1) Airway: Kaji kepatenan jalan nafas, observasi adanya lidah jatuh,
adanya benda asing pada jalan nafas (bekas muntahan, darah, sekret
yang tertahan), adanya edema pada mulut, faring, laring, disfagia,
suara stridor, gargling atau whezing yang menandakan adanya
masalah pada jalan nafas.
2) Breathing: Kaji keefektifan pola nafas, Respiratory Rate, abnormalitas
pernapasan, pola nafas, bunyi nafas tambahan, penggunaan otot bantu
nafas, adanya nafas cuping hidung, saturasi oksigen.
3) Circulation: kaji heart rate, tekanan darah, kekuatan nadi, capilarry
refill, akral, suhu tubuh, warna kulit, kelembapan kulit, perdarahan
ekternal jika ada.
4) Disability: berisi pengkajian kesadaran dengan GCS, ukuran dan
reaksi pupil.
5) Exposure: berisi pengkajian terhadap suhu serta adanya injury atau
kelainan lain atau lingkungan yang ada disekitar klien
e. Keadaan/ penampilan umum
1) Kesadaran: composmentis
2) Tanda-tanda vital
a) TD: 120 / 80 mmhg
b) Nadi: Frekuensi: 80 – 100 kali per menit, Irama: teratur
c) Respirasi: Frekuensi: 16 – 24 kali per menit, Irama: teratur
d) History (Sample)
Subjektif: berisi keluhan utama yang dirasakan pasien.

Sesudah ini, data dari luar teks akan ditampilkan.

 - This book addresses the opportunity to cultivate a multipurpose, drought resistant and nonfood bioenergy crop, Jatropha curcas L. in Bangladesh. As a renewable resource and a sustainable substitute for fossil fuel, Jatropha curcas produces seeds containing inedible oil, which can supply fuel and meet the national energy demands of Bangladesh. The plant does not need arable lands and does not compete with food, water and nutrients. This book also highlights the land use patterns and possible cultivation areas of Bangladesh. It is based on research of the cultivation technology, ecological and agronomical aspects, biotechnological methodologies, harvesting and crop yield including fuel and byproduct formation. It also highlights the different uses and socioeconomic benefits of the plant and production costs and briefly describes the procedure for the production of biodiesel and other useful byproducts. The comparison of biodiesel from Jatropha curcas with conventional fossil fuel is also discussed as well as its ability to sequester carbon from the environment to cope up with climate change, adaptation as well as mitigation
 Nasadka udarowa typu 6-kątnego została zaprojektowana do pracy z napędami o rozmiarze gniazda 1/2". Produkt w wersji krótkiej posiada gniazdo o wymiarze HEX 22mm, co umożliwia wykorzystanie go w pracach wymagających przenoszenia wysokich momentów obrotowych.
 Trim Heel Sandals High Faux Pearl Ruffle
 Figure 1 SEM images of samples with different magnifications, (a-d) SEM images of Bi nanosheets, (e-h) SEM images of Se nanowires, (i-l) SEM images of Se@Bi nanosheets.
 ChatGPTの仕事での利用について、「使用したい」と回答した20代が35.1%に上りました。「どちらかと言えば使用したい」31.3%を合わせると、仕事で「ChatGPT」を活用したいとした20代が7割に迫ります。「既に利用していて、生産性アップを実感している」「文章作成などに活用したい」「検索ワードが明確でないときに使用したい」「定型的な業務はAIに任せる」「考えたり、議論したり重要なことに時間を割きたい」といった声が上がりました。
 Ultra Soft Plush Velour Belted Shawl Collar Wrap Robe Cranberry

Alergi: kaji adanya alergi terhadap makanan atau obat.
Medikasi: kaji penggunaan obat yang sedang atau pernah
dikonsumsi.
Riwayat penyakit sebelumnya: riwayat penyakit sebelumnya yang
berhubungan dengan yang sekarang.
Last meal: berisi hasil pengkajian makanan atau minuman terakhir
yang pernah dikonsumsi oleh pasien sebelum datang ke IGD.
Event leading: berisi kronologi kejadian, lamanya gejala yang
dirasakan, penanganan yang telah dilakukan, gejala lain yang telah
dirasakan, lokasi nyeri atau keluhan lain yang dirasakan
f. Pemeriksaan fisik
1) Sistem respirasi: Suara nafas, pola nafas (kusmaull, cheyene stokes,
biot, hiperventilasi, ataksik), nafas berbunyi, stridor, tersedak, ronki,
mengi positif (kemungkinan karena aspirasi).

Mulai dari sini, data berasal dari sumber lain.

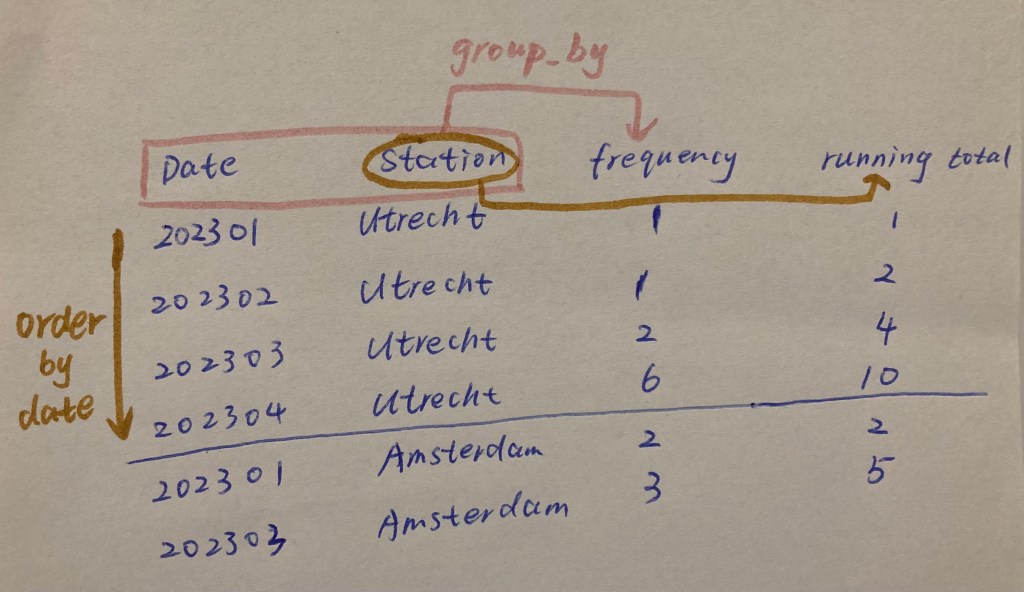 To solve this, I created a cross-join table with all the stations and all the months. If I didn’t visit a station, the frequency should be 0, and the running total will stay the same.
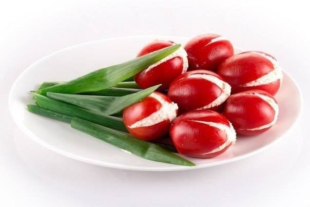 Для приготовления тюльпанов понадобятся удлиненные помидоры, например, сорта «сливка». В таком случае готовая закуска будет больше походить на настоящие цветы. Помидоры надрезать крест-накрест сверху. Аккуратно ложечкой извлечь мякоть и заполнить начинкой. В качестве начинки можно использовать 200 г творога, пробитого блендером со 100 г слабосоленой красной рыбы. Начинку следует посолить по вкусу. Такая начинка не только вкусна, но и содержит много белка, жирных омега-кислот, клетчатки и мало углеводов. В качестве стебельков тюльпанов можно использовать любую зелень, но лучше всего подойдет зеленый лук.
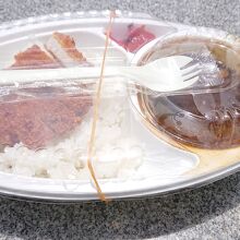昼食を求めて訪問しました。少し、辛い系の食べ物が食べたい気分でしたので、カツカレーを選択してテイクアウトしました。一つの容器の中に、カレー部分とライス部分が分かれている、という形での提供でした。カレー食べやすい程度の辛さで、おいしくいただけました。
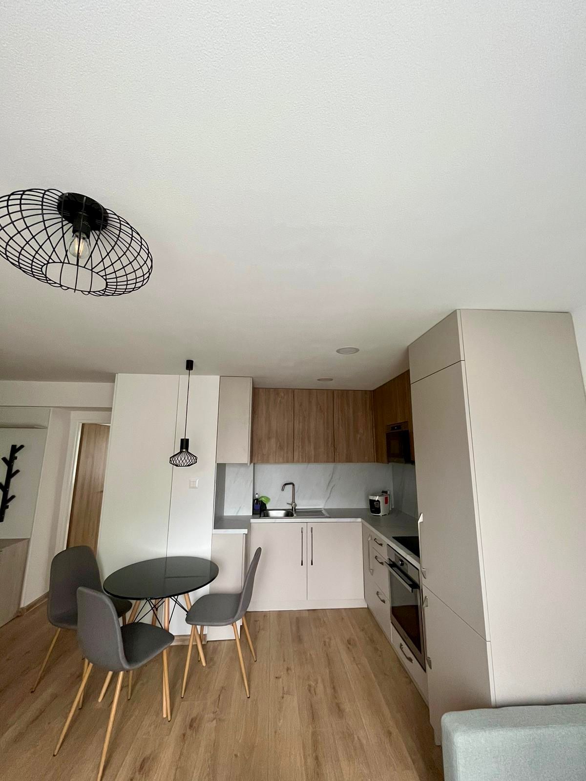 • útulná obývacia izba prepojená s kuchyňou, jedálenský stôl s 3 stoličkami
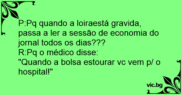P:Pq quando a loiraestá gravida, passa a ler a sessão de economia do jornal todos os dias???
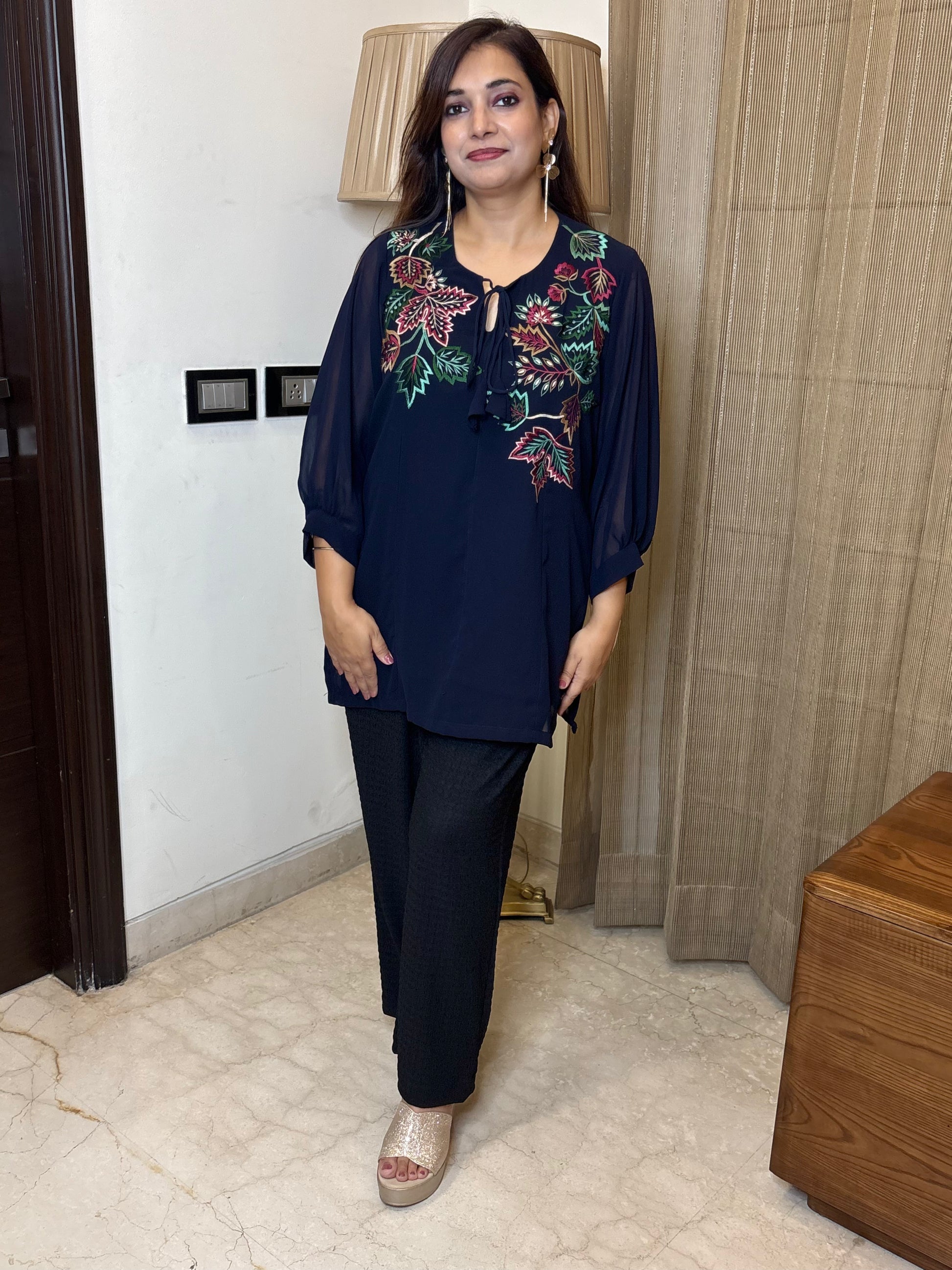 Drape yourself in effortless elegance with this stunning georgette top, beautifully detailed with delicate thread work. The soft lining and flowy silhouette ensure a flattering fit that moves with grace and comfort all day long.

2) Kardiovaskuler: Pengaruh perdarahan organ atau pengaruh
peningkatan tekanan intracranial (TIK).
3) Kemampuan komunikasi: Kerusakan pada hemisfer dominan, disfagia
atau afasia akibat kerusakan saraf hipoglosus dan saraf fasialis.
4) Psikososial: Data ini penting untuk mengetahui dukungan yang
didapat pasien dari keluarga.
5) Aktivitas/istirahat: Lemah, lelah, kaku dan hilang keseimbangan,
perubahan kesadaran, letargi, hemiparese, guadriparese, goyah dalam
berjalan (ataksia), cidera pada tulang dan kehilangan tonus otot.
6) Sirkulasi: Tekanan darah normal atau berubah (hiper/normotensi),
perubahan frekuensi jantung nadi bradikardi, takhikardi dan aritmia.
7) Integritas Ego: Perubahan tingkah laku/kepribadian, mudah
tersinggung, delirium, agitasi, cemas, bingung, impulsive dan depresi.
8) Eliminasi: buang air besar (BAB) atau buang air kecil (BAK)
mengalami inkontinensia/disfungsi.
9) Makanan/cairan: Mual, muntah, perubahan selera makan, muntah
(mungkin proyektil), gangguan menelan (batuk, disfagia).
10) Neurosensori: kehilangan kesadaran sementara, vertigo, tinitus,
kehilangan pendengaran, perubahan penglihatan, diplopia, gangguan
pengecapan/pembauan, perubahan kesadaran, koma. Perubahan
status mental (orientasi, kewaspadaan, atensi dan kinsentarsi)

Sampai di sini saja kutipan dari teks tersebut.